На красивое, точно скопированное с античных монет лицо Савелова легла тень раздражения и неудовлетворенности.
– Зря ты так, Игорь, – огорченно сказал он.
Сарматов показал на часы.
– Пилить еще час и семь минут – советую этот час спать. Поставить крест на всей прошлой жизни и спать! А наши с тобой отношения определит… бой. Теперь он для нас и генеральный прокурор, и верховный судья…
Савелов хмуро кивнул и вернулся к блистеру, где, устроившись поудобнее, попытался заснуть. Сарматов привалился к вибрирующему борту и тоже закрыл глаза.

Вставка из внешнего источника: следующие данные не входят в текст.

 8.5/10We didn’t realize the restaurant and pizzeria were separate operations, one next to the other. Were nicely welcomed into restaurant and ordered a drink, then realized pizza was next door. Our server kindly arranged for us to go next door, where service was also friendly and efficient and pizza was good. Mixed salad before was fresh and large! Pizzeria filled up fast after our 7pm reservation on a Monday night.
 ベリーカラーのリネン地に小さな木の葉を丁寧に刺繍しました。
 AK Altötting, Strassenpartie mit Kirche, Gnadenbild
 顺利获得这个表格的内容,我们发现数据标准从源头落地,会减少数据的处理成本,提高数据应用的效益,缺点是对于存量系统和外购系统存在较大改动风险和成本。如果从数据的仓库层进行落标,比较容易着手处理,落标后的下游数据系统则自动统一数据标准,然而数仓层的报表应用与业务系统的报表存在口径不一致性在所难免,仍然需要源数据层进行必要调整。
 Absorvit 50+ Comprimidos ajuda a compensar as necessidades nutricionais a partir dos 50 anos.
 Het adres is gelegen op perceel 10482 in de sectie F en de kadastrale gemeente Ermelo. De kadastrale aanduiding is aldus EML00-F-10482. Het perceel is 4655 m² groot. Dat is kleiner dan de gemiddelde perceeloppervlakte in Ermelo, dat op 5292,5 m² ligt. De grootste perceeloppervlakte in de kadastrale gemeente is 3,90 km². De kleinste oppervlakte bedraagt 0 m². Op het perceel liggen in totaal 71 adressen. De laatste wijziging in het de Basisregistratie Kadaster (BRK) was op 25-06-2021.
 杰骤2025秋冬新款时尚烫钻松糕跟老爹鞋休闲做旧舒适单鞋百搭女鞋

Только плохо спалось бравому майору. И не о будущей операции думал он. Все мысли Сармата были в прошлом. Так всегда, перед предстоящей акцией сознание как бы намеренно переносило его в то спокойное время, когда еще не было никаких особых резонов опасаться за свою жизнь. Быть может, это сработала система самосохранения организма. Таким образом человеческая психика защищалась от внешних раздражителей, способных не просто подорвать, а полностью исковеркать ее.

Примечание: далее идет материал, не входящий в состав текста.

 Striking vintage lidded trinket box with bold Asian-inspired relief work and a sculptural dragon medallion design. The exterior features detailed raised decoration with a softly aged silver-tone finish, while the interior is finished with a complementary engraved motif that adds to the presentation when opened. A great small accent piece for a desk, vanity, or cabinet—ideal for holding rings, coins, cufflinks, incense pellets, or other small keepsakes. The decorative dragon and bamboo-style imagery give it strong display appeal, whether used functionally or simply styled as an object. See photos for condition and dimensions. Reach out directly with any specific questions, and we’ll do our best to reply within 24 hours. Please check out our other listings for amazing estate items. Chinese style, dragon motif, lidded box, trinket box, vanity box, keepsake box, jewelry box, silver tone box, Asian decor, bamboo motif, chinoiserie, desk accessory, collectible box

Поэтому вместо картин грядущих сражений видел майор Сарматов алеющие в степи нежные венчики лазориков… Из своего далекого детства.
Средний Дон
Май 1959 года
Пелена утреннего розового тумана укрывает прибрежные левады и заречные плавни. С крутояри кажется, что река наполнена не весенней мутной водой, а парным, пенным, дымящимся молоком. Масляно переливаются в нем солнечные блики, расплываются дробящимися кругами, когда пудовый сазанище выпрыгивает на поверхность, чтобы миг один глотнуть настоянного на емшан-траве горького воздуха и снова уйти в темную глубину.
Не потерявший былой силы и стати громадный старик с седыми усами и гривой белых как снег волос тронул черенком нагайки пацаненка, застывшего с открытым ртом от созерцания этой земной красоты, и со спрятанной в усах улыбкой сказал:
– Полюбовался Доном Ивановичем, и будя! А то всех коней разберут, а тебе лошадь достанется.

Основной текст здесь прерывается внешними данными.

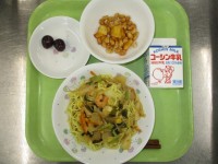 ごはん・四川豆腐・もやしときゃべつのナムル・ぶどう・牛乳 給食でも秋の味覚がたく...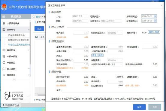 选择“人员信息采集”,添加人员信息成功后填写报表,选择“扣缴所得税报告表”进入“正常工资薪金”,直接点击“添加”按钮录入明细,收入选择“0”填写即可。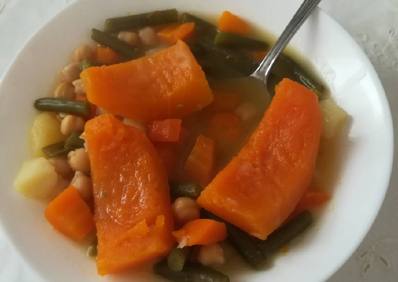 - Cuando las judías verdes y las zanahorias estén tiernas sobre los 10 minutos, vertemos las patatas. A los 15 minutos añadimos los garbanzos e incorporamos la calabaza encima del cocido y dejamos cocer otros 15 minutos. Estas cantidades de ingredientes es para repetir otro día y así optimizamos el tiempo en la cocina.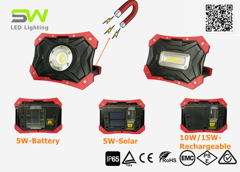 5W COB LED Magnetic 4 Pcs AA Battery Powered Auto Inspection Light Descriptions: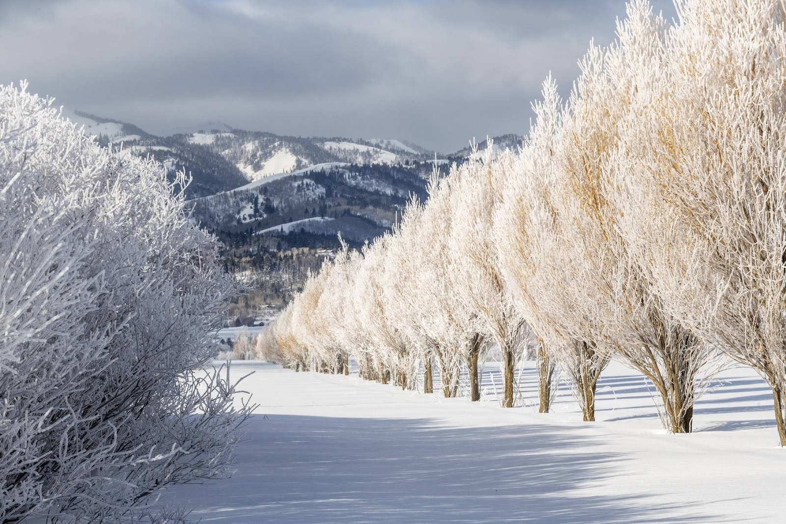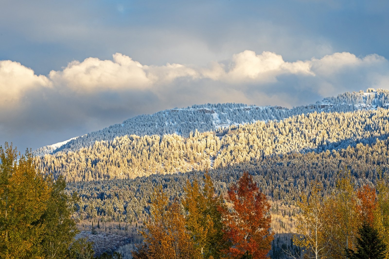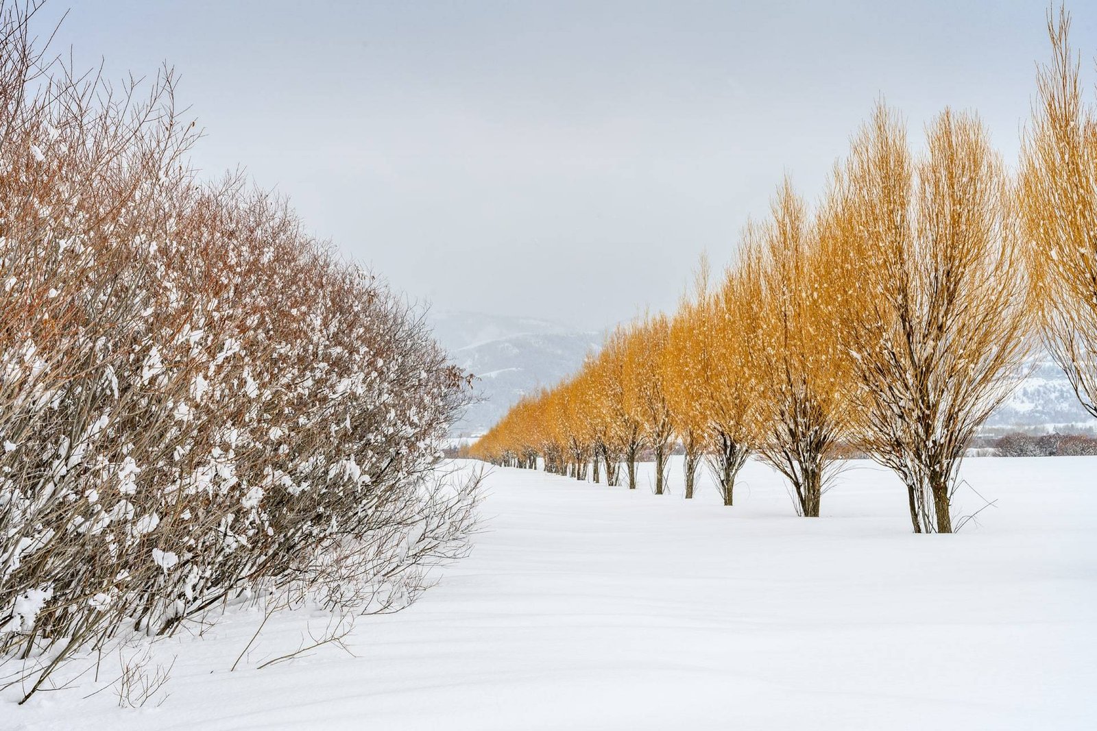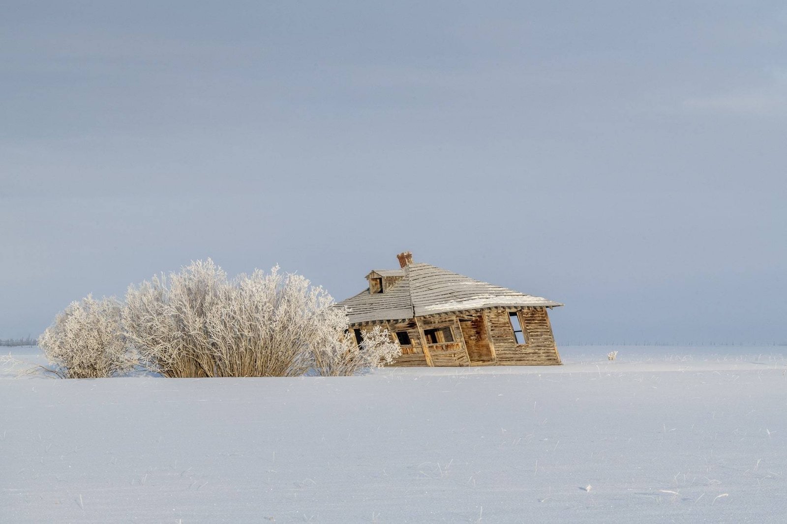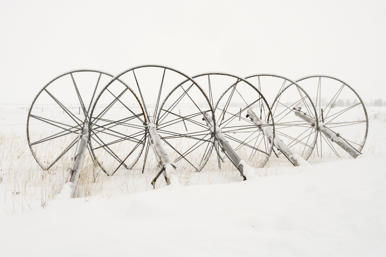 Above: An early snow covers the ground under a discrete stand of Cottonwood trees that tower over several abandoned buildings on Sidewinder Road off the Missouri Valley Road, north of Riverton, Wyoming.

– Деда, а чем конь отличается от лошади? – спросил вихрастый мальчуган, поспевая бегом за широким дедовским шагом.
– Брюхом! – ответил старик, направляясь к стоящей на горе конюшне.
Перед конюшней, в загоне, с десяток заморенных, вислобрюхих лошадей тянулись к подошедшим мосластыми мордами, на которых светились скорбным светом всепонимающие глаза. Сморкнувшись, старик отвернулся от них и сердито спросил у корявого, заросшего щетиной мужика, от которого так разило перегаром, что, казалось, даже мошкара падала вокруг замертво:
– Почто животину заморили – ни в стремя, ни в беремя теперича ее?!
– Дык в колхозе-то ни фуража, ни сена, в зиму-то лишь солома ржавая! – ответил тот, часто моргая мутными глазами.
– Брешешь, чудь белоглазая! – подал голос невесть откуда взявшийся коренастый старик в длинной вытертой кавалерийской шинели. И, обращаясь к деду, сообщил: – Пропили они с бригадиром да ветеринаром и фураж, и сено…
– Не пойман – не вор! – взвился корявый.
– Вор! – гневно крикнул в ответ старик и вновь повернулся к деду. – В казачье время за такое сверкали бы на майдане голыми сраками…
– Дык время ноне не ваше – не казачье, а наше – народное! Накось выкуси! – крикнул корявый и сунул впереди себя грязный волосатый кулак.
– Цыц, возгря кобылья! – гаркнул на него старик в шинели и для острастки замахнулся нагайкой. – Понавезли вас!..
Мужик на глазах потерял всю свою смелость и с явной поспешностью скрылся в темноте конюшни, а старик в длинной шинели стоял и внимательно всматривался в лицо деда.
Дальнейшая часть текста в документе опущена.